HOW TO COMPLETE THIS TASK »
Go to the line holding "Die Autobahn wird" in the data below and repeat it exactly, then each line after it up to and including the one holding "Vintage Decorative Turtle". Omit pictures.

GIVEN RECORDS »
+ + + +

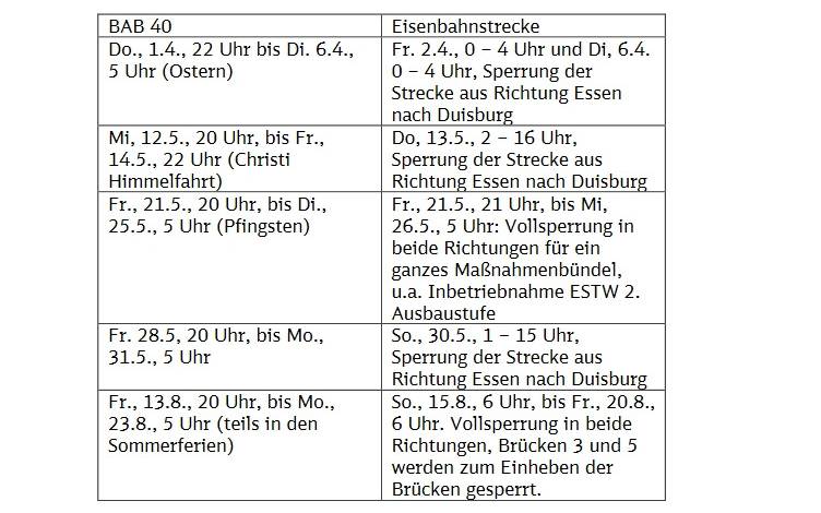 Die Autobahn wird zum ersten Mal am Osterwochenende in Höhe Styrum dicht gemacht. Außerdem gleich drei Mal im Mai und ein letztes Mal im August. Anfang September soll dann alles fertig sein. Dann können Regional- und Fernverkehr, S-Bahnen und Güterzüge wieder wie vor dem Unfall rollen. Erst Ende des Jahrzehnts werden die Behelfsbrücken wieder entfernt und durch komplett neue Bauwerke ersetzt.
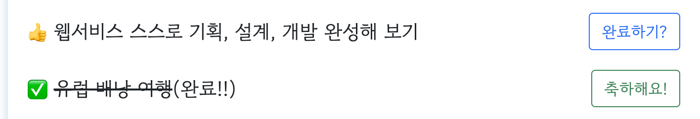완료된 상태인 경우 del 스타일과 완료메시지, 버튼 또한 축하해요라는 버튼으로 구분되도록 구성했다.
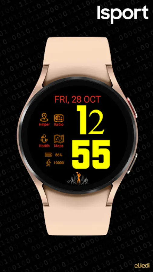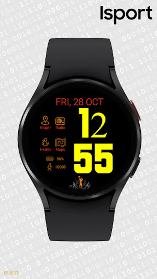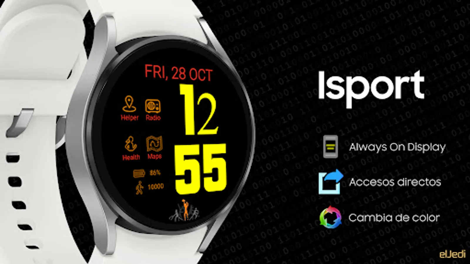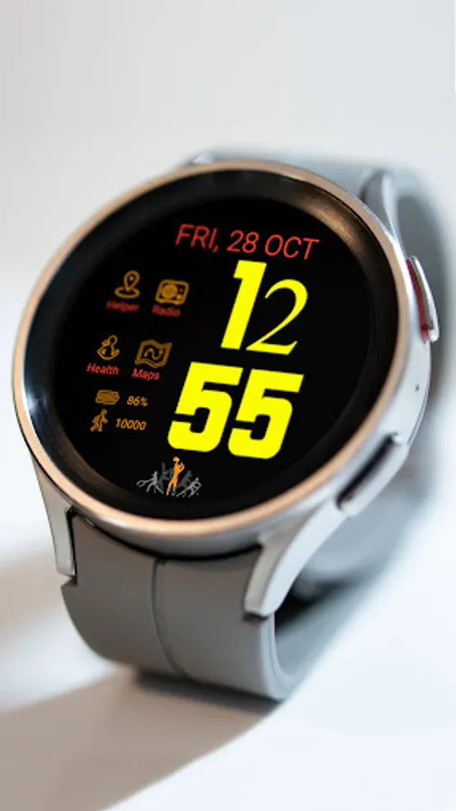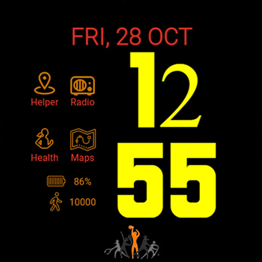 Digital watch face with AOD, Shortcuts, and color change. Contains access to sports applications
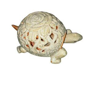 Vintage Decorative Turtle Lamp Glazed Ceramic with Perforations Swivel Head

+ + + +

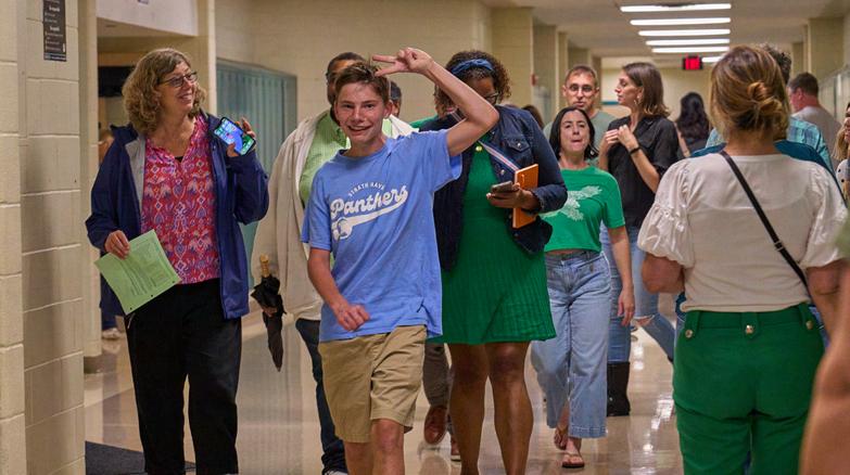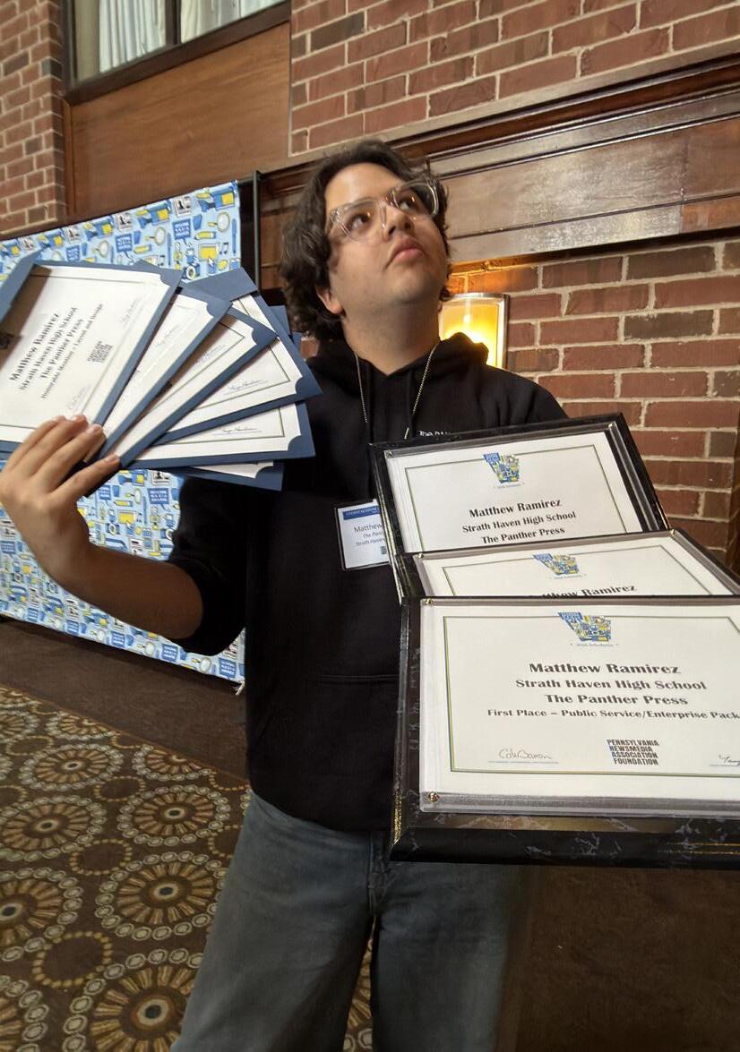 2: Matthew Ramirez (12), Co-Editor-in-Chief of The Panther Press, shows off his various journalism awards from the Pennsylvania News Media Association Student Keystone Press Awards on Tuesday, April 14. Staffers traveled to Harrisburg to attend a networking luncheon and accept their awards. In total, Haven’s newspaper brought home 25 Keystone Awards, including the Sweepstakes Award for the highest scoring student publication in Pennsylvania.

+ + + +

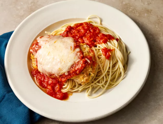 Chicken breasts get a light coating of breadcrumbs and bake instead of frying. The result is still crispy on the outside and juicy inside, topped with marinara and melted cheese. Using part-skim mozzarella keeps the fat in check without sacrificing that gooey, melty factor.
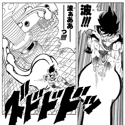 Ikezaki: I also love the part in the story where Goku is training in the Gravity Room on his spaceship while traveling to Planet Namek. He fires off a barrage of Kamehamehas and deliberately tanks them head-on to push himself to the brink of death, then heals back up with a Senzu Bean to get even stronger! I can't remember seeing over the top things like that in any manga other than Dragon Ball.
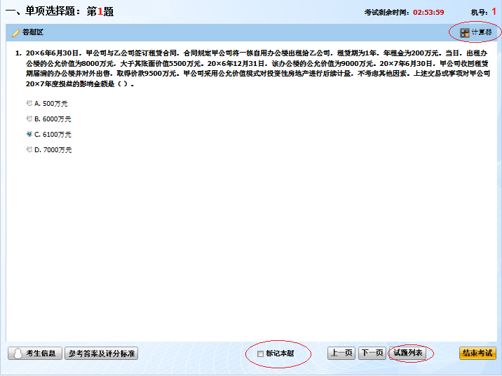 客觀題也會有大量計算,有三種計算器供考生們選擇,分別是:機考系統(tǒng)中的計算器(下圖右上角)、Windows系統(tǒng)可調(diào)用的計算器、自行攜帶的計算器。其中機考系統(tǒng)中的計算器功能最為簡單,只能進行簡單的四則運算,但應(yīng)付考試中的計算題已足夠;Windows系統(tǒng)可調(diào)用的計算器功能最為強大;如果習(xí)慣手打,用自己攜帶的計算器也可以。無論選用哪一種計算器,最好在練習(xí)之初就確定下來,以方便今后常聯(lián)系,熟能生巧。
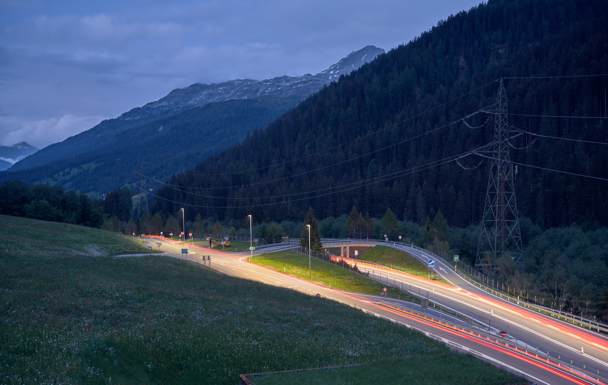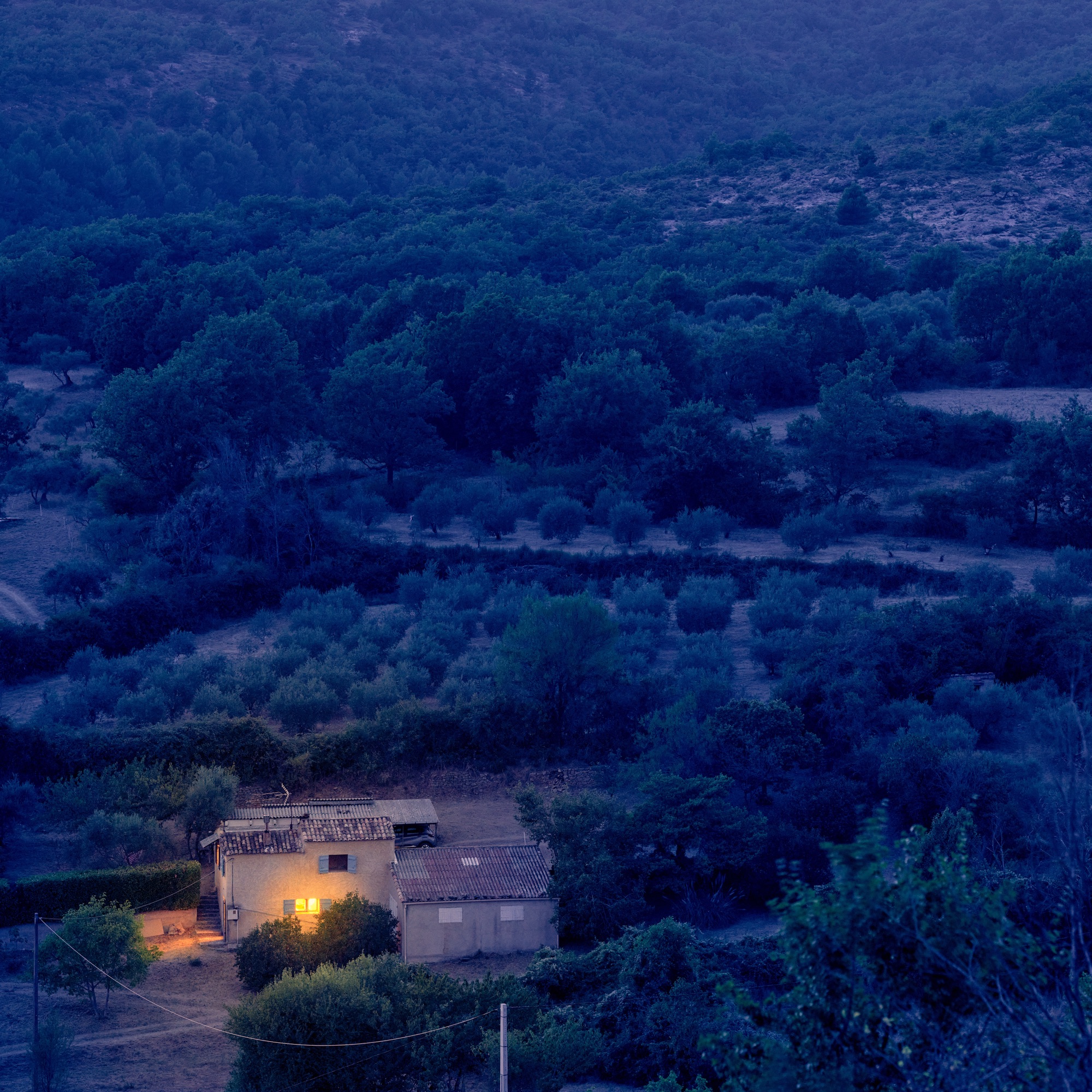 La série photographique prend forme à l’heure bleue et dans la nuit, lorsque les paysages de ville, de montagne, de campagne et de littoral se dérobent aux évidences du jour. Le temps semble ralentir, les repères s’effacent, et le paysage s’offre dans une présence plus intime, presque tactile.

+ + + +

SOLVED EXERCISE »
 Die Autobahn wird zum ersten Mal am Osterwochenende in Höhe Styrum dicht gemacht. Außerdem gleich drei Mal im Mai und ein letztes Mal im August. Anfang September soll dann alles fertig sein. Dann können Regional- und Fernverkehr, S-Bahnen und Güterzüge wieder wie vor dem Unfall rollen. Erst Ende des Jahrzehnts werden die Behelfsbrücken wieder entfernt und durch komplett neue Bauwerke ersetzt.
완료된 상태인 경우 del 스타일과 완료메시지, 버튼 또한 축하해요라는 버튼으로 구분되도록 구성했다.
 Digital watch face with AOD, Shortcuts, and color change. Contains access to sports applications
 Vintage Decorative Turtle Lamp Glazed Ceramic with Perforations Swivel Head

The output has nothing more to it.